Cockburn

Chambers's Encyclopaedia, Volume 3: Catarrh to Dion, p. 320–321

Cockburn, HENRY, Scottish judge, was born 26th October 1779, perhaps at Cockpen, but more probably in the Parliament Close of old Edinburgh. He entered the High School in 1787, and the university in 1793, 'being kept,' in his own words, 'nine years at two dead languages which we did not learn.' Dugald Stewart's lectures, then, 'were like the opening of the heavens,' they 'changed one's whole nature;' and through a debating club he became the companion of Jeffrey, Horner, and Brougham, from whom he imbibed Whig opinions, greatly to the annoyance of the hereditary Toryism of his family. He was called to the Scottish bar in 1800; and in 1807 his uncle, the all-powerful Lord Melville, gave him an advocate-deputeship—a non-political post, from which, on political grounds, he 'had the honour of being dismissed' in 1810. He rose, however, to share with Jeffrey the leadership of the bar, and with Jeffrey was counsel for three prisoners accused of sedition (1817-19). His powers were better adapted for success with a popular than with a professional tribunal. Simple, clear, and impressive, at times pathetic, humorous at times, and, when he pleased, eloquent, but always unaffected, always Scotch, he would urge his case with an earnestness and candour that was all but irresistible. A zealous supporter by pen as well as by tongue of parliamentary reform, he became Solicitor-general for Scotland under the Grey ministry in 1830; had the chief hand in drafting the Scottish Reform Bill; was elected Lord Rector of Glasgow University (1831); in 1834 was made, as Lord Cockburn, a judge of the Court of Session; and three years later a lord of justiciary. He died, 26th April 1854, at Bonally Tower, his beautiful home by the base of the Pentlands since his marriage in 1811, and was buried near Jeffrey in the Dean Cemetery, Edinburgh.

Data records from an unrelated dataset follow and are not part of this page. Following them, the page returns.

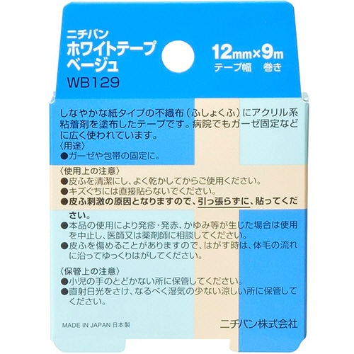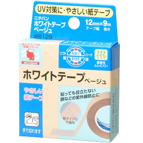 ニチバン ホワイトテープ ベージュ 12mm×9m WB129 1巻(ご注文単位1巻)【直送品】
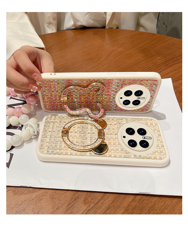 編織紋亮面皮質適用華為mate60手機殼mate50Pro保護套支架mete40軟殼全包防摔mt30女款簡約m20高級感小眾50e
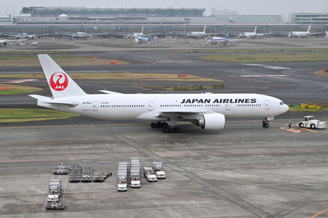 日本航空(JAL/JL、9201)が運航するボーイング777-200ER型機のうち、最後の1機となった3号機(登録記号JA703J)が11月12日、定期便の最終日を迎えた。この日最初の羽田発札幌(新千歳)行きJL505便が、定刻の午前8時15分に15番スポットから出発。那覇発羽田行きJL916便が最終便となる。
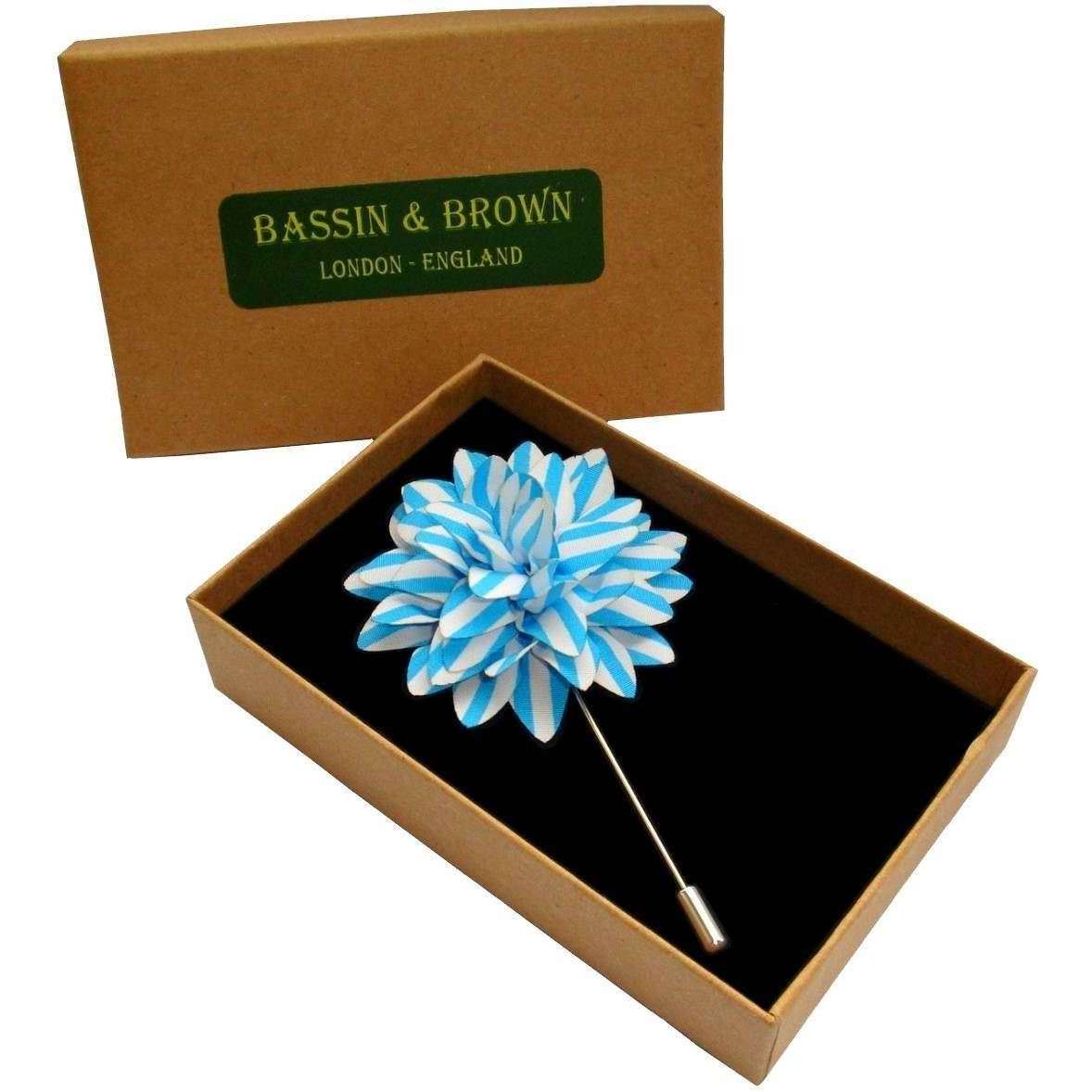 Bassin et Brun Stripe Flower Revers Pin - Bleu / Blanc
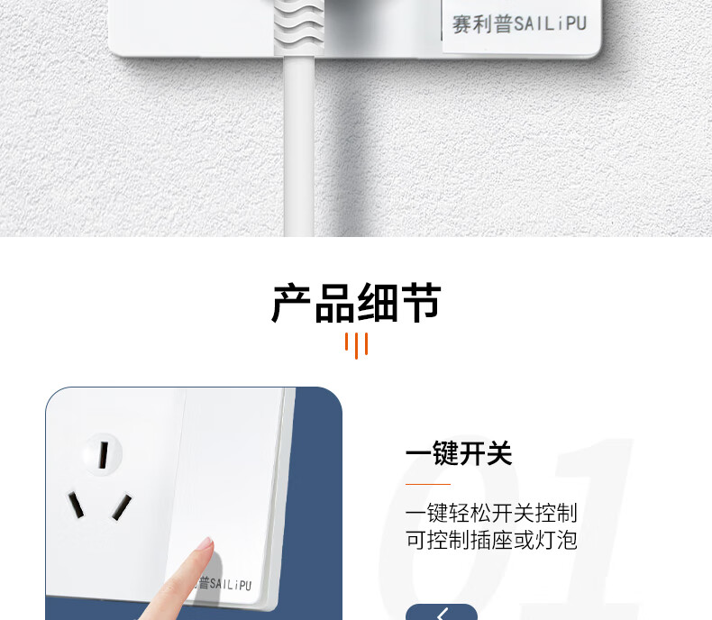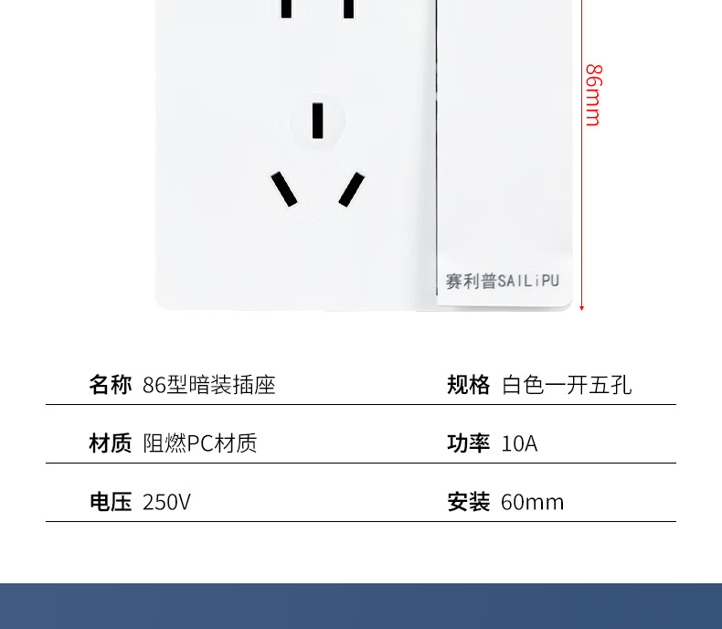 SAILiPU switch socket panel 86 type one open five-hole socket wall concealed multi-hole power supply panel two or three plugs one open single control five-hole socket 10A white
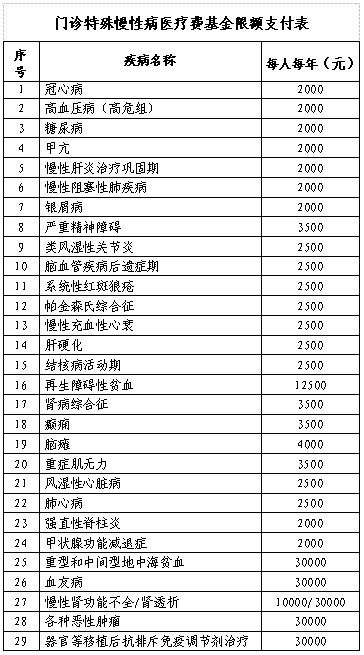 (一)病种范围。全区统一确定冠心病等29种疾病为门诊特殊慢性病,详见门诊特殊慢性病医疗费基金限额支付表。
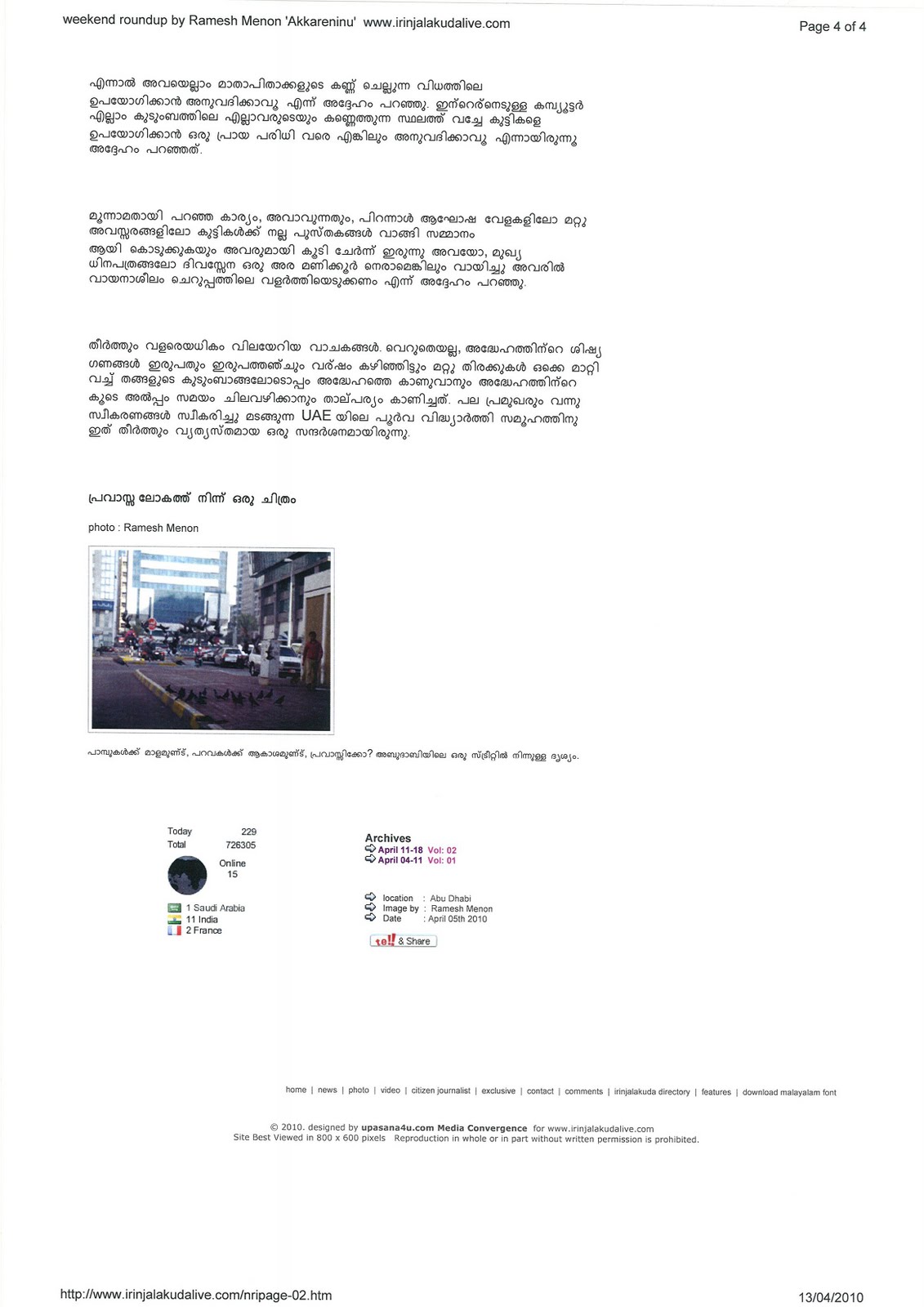 My Opinion – Irinjalakuda Live dot com – Dt. 11.04.2010 – Akkare Ninnu – vol.2
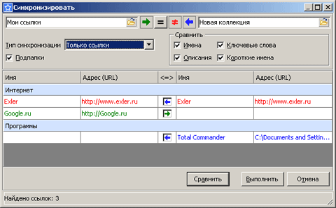 Первая и последняя кнопки с изображением стрелок указывают, что в таблицу синхронизации должны попадать ссылки, присутствующие только в одной из сравниваемых коллекций. Кнопка с изображением знака неравенства добавляет в таблицу синхронизации ссылки с одинаковыми адресами, но разнящиеся в прочих реквизитах. Кнопка с изображением знака равенства показывает в таблице синхронизации идентичные ссылки сравниваемых коллекций. После того как таблица сформирована, в ее центральной колонке можно устанавливать либо снимать маркеры-стрелки, указывающие направление синхронизации (от источника к приемнику).
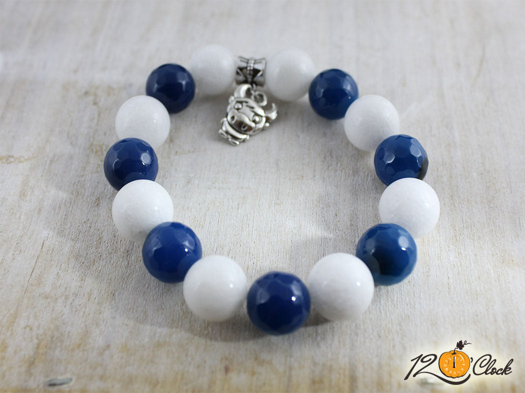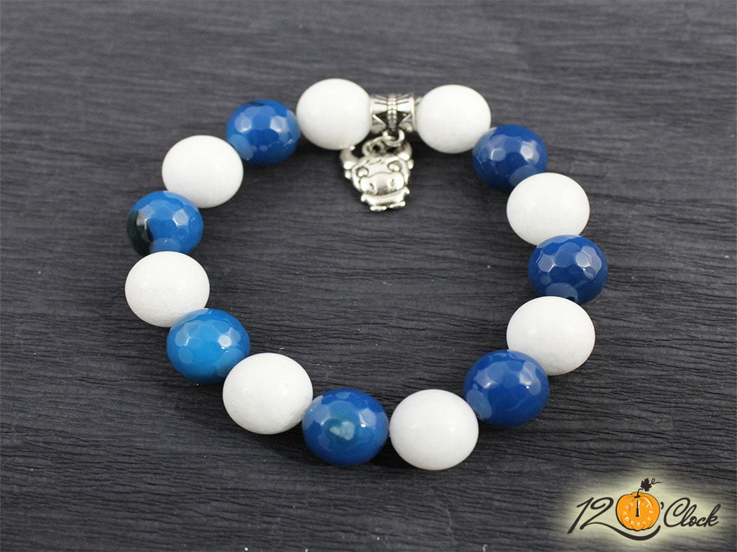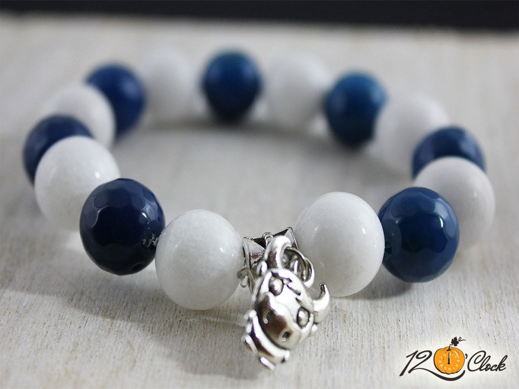 Ръчно изработена гривна с основа еластична корда и камъни от бял кварц 12 мм и тъмно син фасетиран ахат. 12 мм.. Към камъните има добавена висулка с бик.
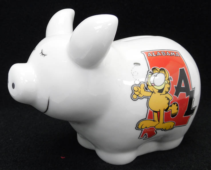 Collectible Alabama souvenir Ceramic bank. Rubber stopper to easily remove money. 6 pieces in inner pack 36 per case.
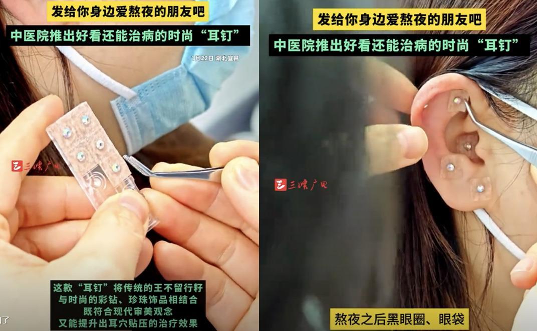其实提升耳穴贴装饰性的尝试也是一直都有的。2024年初,湖北省宜昌市中医医院和襄阳市中医医院都推出了时尚版耳穴贴,给王不留行籽裹上不同颜色的亮片闪粉,胶布改成透明的,和日本现下流行的耳穴首饰基本就是一回事。
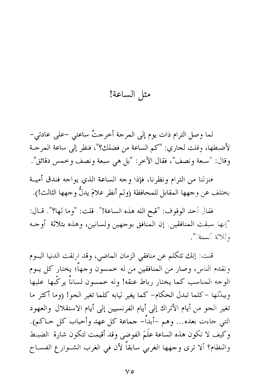 قلت: إنك تتكلم عن منافقي الزمان الماضي، وقد ارتقت الدنيا اليوم وتقدم الناس، وصار من المنافقين من له خمسون وجهاً؛ يختار كل يوم الوجه المناسب كما يختار رباط عنقه! وله خمسون لساناً يركّبها عليها ويبدّلها -كلما تبدل الحكام- كما يغير ثيابه كلما تغير الجو! (وما أكثر ما تغير الجو من أيام الأتراك إلى أيام الفرنسيين إلى أيام الاستقلال والعهود التي جاءت بعده ... وهم -أبداً- جماعة كل عهد وأحباب كل حاكم). وكيف لا تكون هذه الساعة علَمَ الفوضى وقد أقيمت لتكون شارة الضبط والنظام؟ ألا ترى وجهها الغربي سابقاً لأن في الغرب الشوارع الفساح
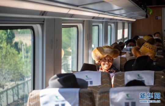 來自山南市貢嘎縣杰德秀鎮(zhèn)杰德秀村的巴珠,今年68歲,他一會兒從車窗眼望高山峽谷,一會兒摸摸車內(nèi)現(xiàn)代化設施,這是他頭一次坐火車?!皬团d號和牛車比起來,像是在飛翔?!彼χf。
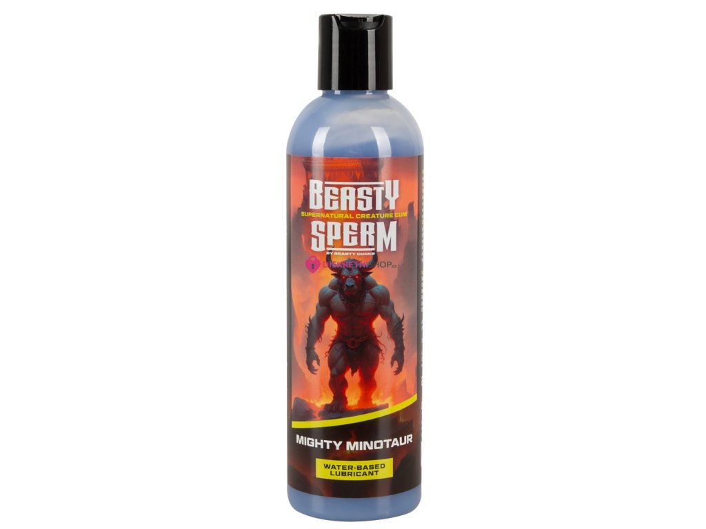 Lubrikační gel Beasty Sperm Mighty Minotaur od Beasty Cocks v originální šedo-modré barvě zaujme hustší konzistencí a fantasy pojetím. Vodní, veganské složení je bez zápachu, chuti i mastnoty a je bezpečné pro kondomy i erotické pomůcky. Ideální pro intenzivní hry, tematické fantasy zážitky i zábavné speciální momenty.
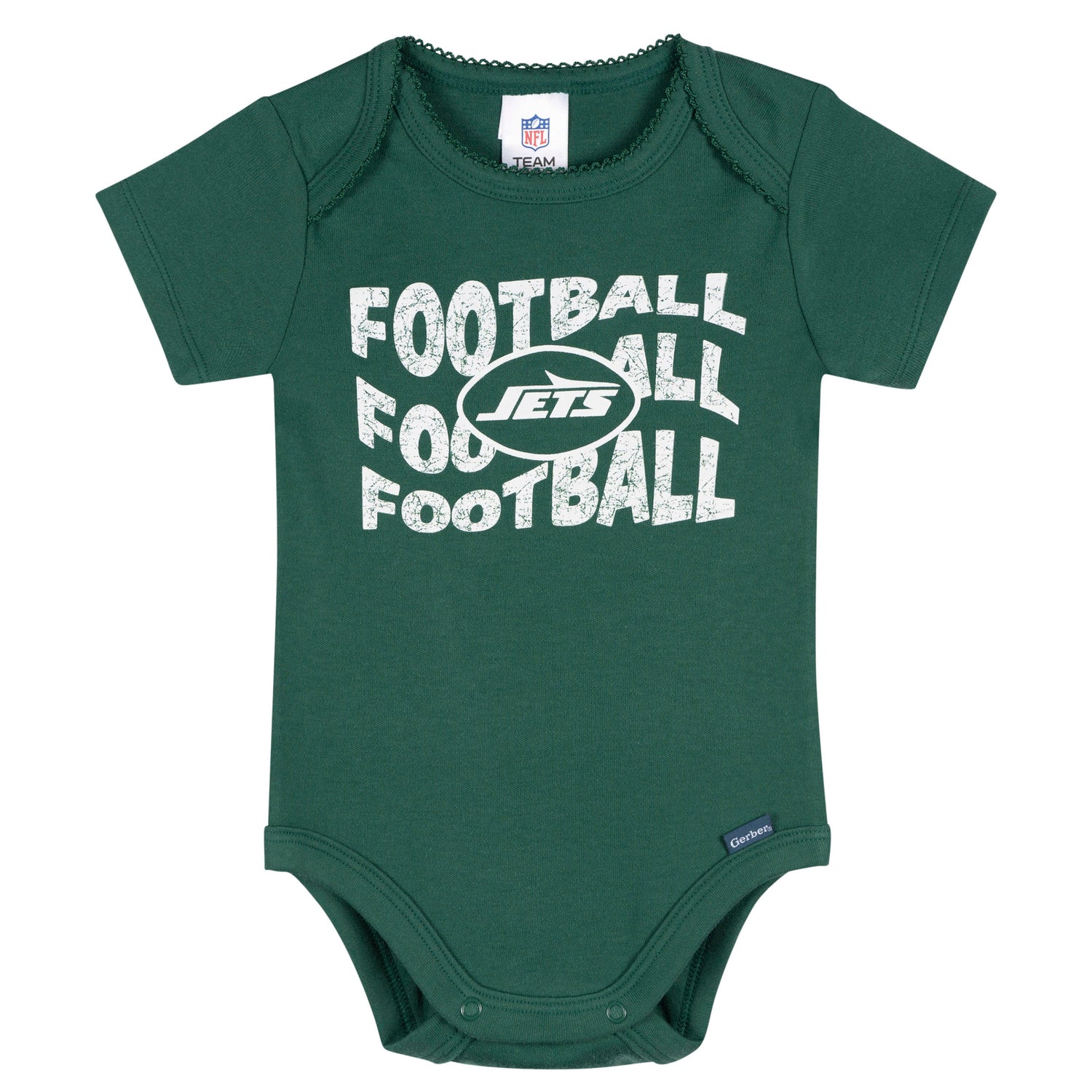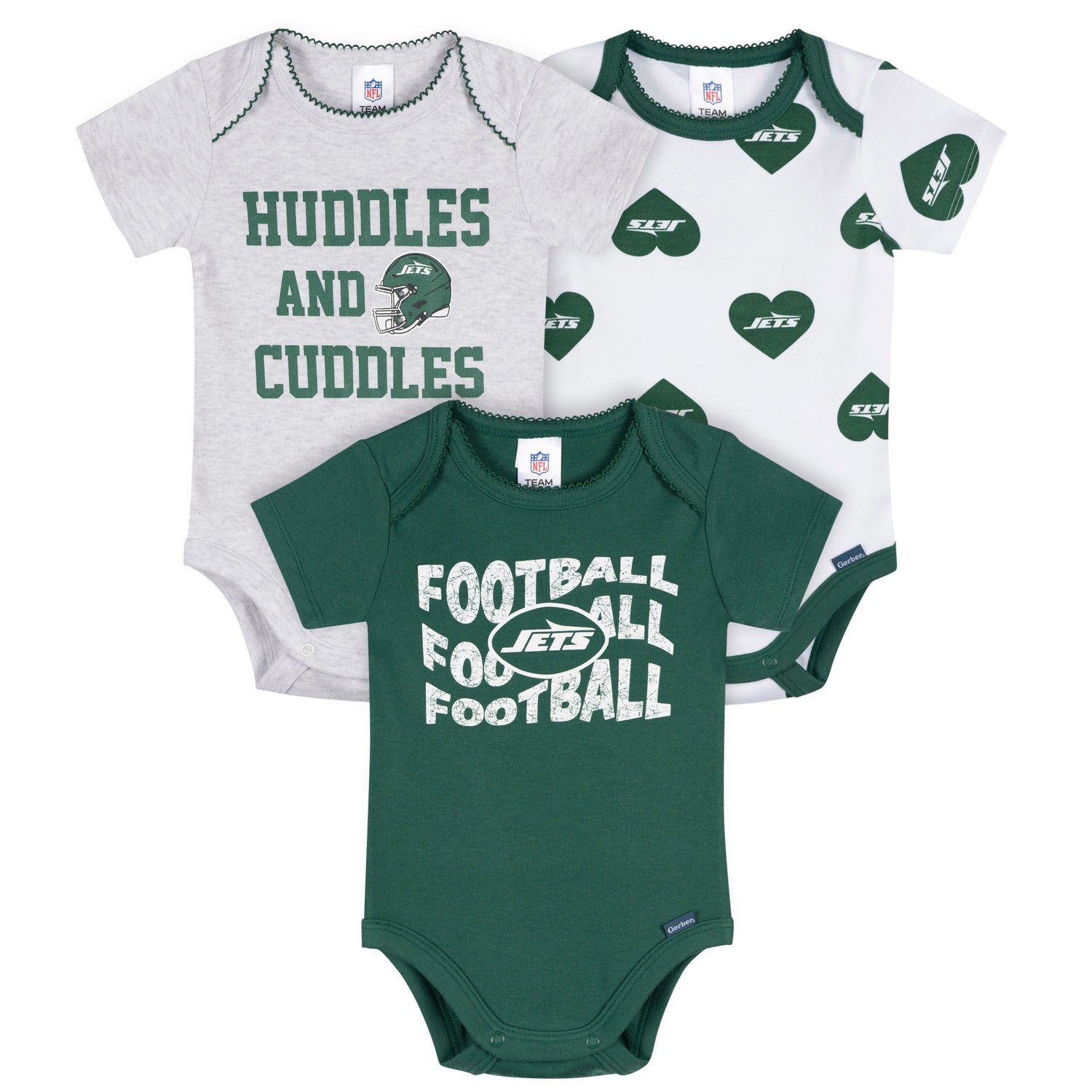 This New York Jets 3-pack of baby girl bodysuits is made from soft, slightly stretchy fabric with a durable, cozy feel for everyday wear. Each piece includes a lap shoulder neckline for easy dressing, leg snaps for quick changes, and ribbed trim at the neckline and leg openings for a flexible fit. Heart-themed Jets graphics add a playful design element with authentic team spirit. All items are independently certified with STANDARD 100 by OEKO-TEX, ensuring they are free from harmful substances. Set includes three bodysuits.
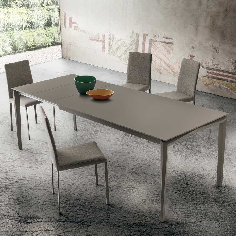 Mesa de comedor fabricada en Italia con patas de madera de haya pintada, tapa de fenix canteada en ABS y guía de aluminio pintado con deslizadores de resina acetálica (POM). La peculiaridad de este maravilloso complemento de decoración es la posibilidad de ampliar la encimera hasta una longitud máxima de 240 cm gracias a las extensiones a juego realizadas en el mismo material que la encimera. Esta característica le permitirá satisfacer las necesidades de quienes aman recibir a amigos y familiares para almuerzos y cenas en compañía sin tener que renunciar a una solución de mobiliario moderna y exclusiva capaz de ganar el centro de atención, convirtiéndose en el verdadero protagonista de la habitación. . Lo que hace única esta mesa es la elección de utilizar fenix, un material innovador caracterizado por una superficie tratada con resinas de nueva generación capaces de hacer que el producto sea particularmente resistente , agradable al tacto y extremadamente opaco .
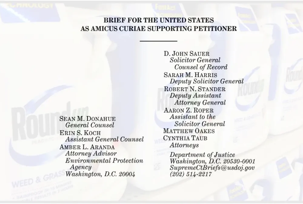 The brief was also signed by Robert N. Stander, deputy assistant attorney general in the DOJ’s Environment and Natural Resources Division. He spent roughly a decade at Jones Day, a firm that represented Bayer in matters related to its acquisition of Monsanto.
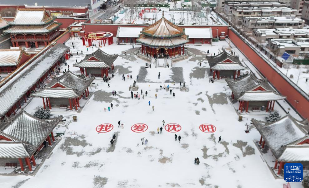 12月15日拍摄的沈阳故宫雪景(无人机照片)。

A heraldic illustration of a cockatrice, a mythical creature with the head, body, and feet of a cock, and the tail of a dragon.
Cockatrice:
in Heraldry.

Besides five or six pamphlets, and as many articles in the Edinburgh Review, dealing mostly with legal and parliamentary reform, Cockburn was author of an admirable Life of Jeffrey (1852), and of four posthumous works—Memorials of his Time (1856), Journal, 1831-44 (2 vols. 1874), Circuit Journeys (1888), and Examination of Trials for Sedition in Scotland (2 vols. 1888). The first three of these form a kind of autobiography, into which are woven characteristic anecdotes of old-world Scottish life, and graphic sketches of the men who composed the brilliant circle of Edinburgh society in the first four decades of the 19th century. Withal they illustrate his love of nature and veneration for antiquity.